The Living Sea of Waking Dreams by Richard Flanagan (2021)

From the Booker Prize-winning author of The Narrow Road to the Deep North, The Living Sea of Waking Dreams is visceral novel of family, love and hope set against global catastrophe and climate crisis. While scenes of wildfire and species loss play out on the screen of her smartphone, Anna and her siblings try to keep their aged, hospital-bound mother alive. With all of this going on, nobody else seems to notice that parts of Anna’s body are disappearing, and that, all around her, others are vanishing as well. The Daily Telegraph called The Living Sea of Waking Dreams ‘A fiercely well-observed account of the psychological twists and turns, the stress points and the double-binds, of familial love’.

Entangled Life by Merlin Sheldrake (2020)

They can change our minds, heal our bodies and even help us to avoid environmental disaster; they are metabolic masters, earth-makers and key players in most of nature’s processes – but how much do you really know about fungi?

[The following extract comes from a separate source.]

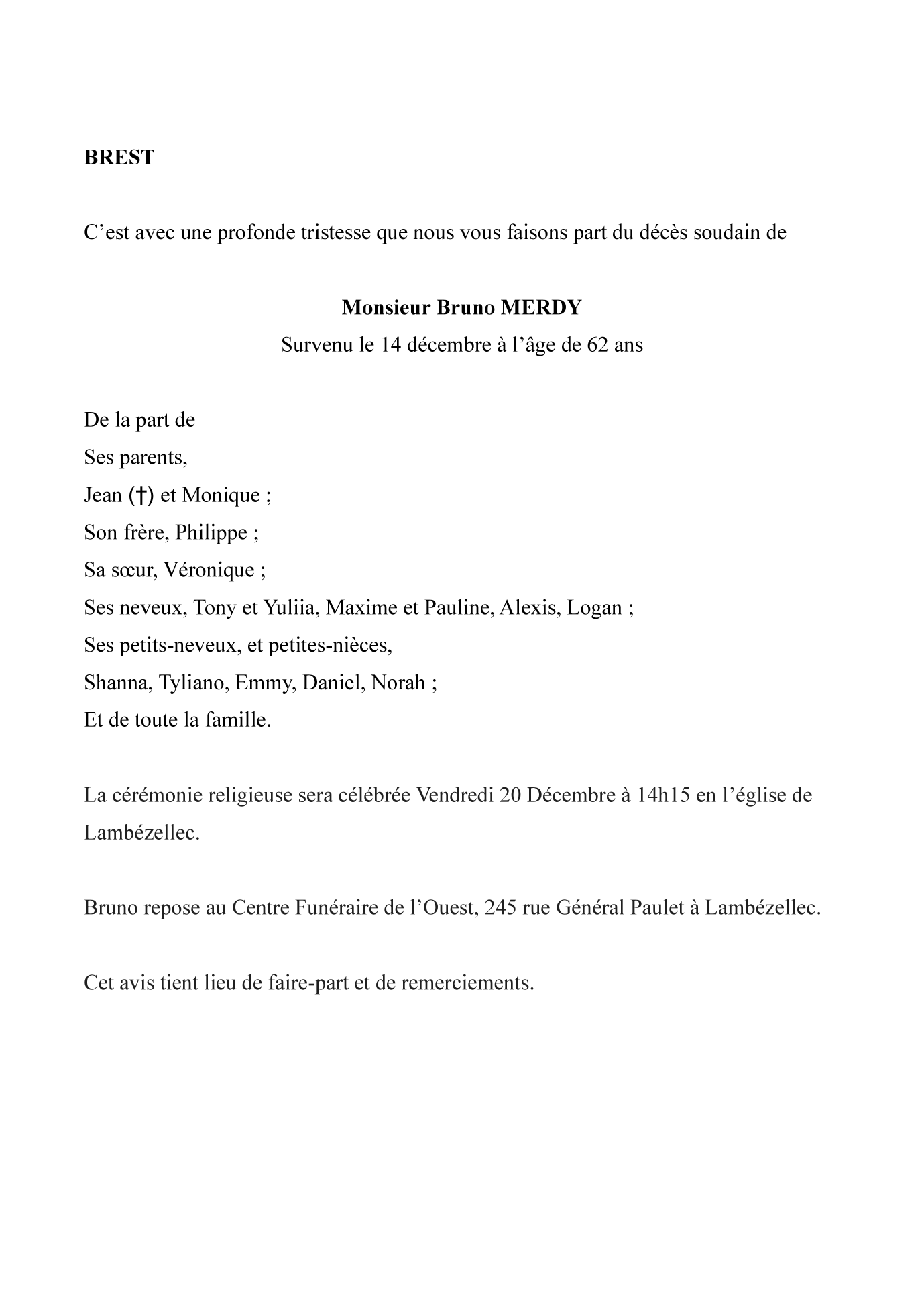 Cet espace « condoléances » est dédié à la mémoire de Monsieur Bruno MERDY.

In Entangled Life, Merlin Sheldrake takes us on a mind-altering adventure into their spectacular world and reveals how these extraordinary organisms transform our understanding of our planet and life itself. This phenomenal Sunday Times bestseller was Winner of the Royal Society Science Book Prize and the Wainwright Prize for Conservation Writing.

Pharmacopoeia by Derek Jarman (3 March)

Pharmacopoeia is a beautiful new compendium of artist and film-maker Derek Jarman’s writing on nature, gardening, and life in Dungeness. Featuring gorgeous full-colour illustrations, sketches, film stills, paintings and photographs, alongside poetic, lyrical prose, this is a stunning visual and literary celebration of Jarman’s iconic garden at Prospect Cottage. In a passionate foreword, Tilda Swinton shares her memories of how her close collaborator and friend Jarman ‘made of this wee house, his wooden tent pitched in the wilderness, an artwork  –  and out of its shingle skirts, an ingenious garden – now internationally recognised.’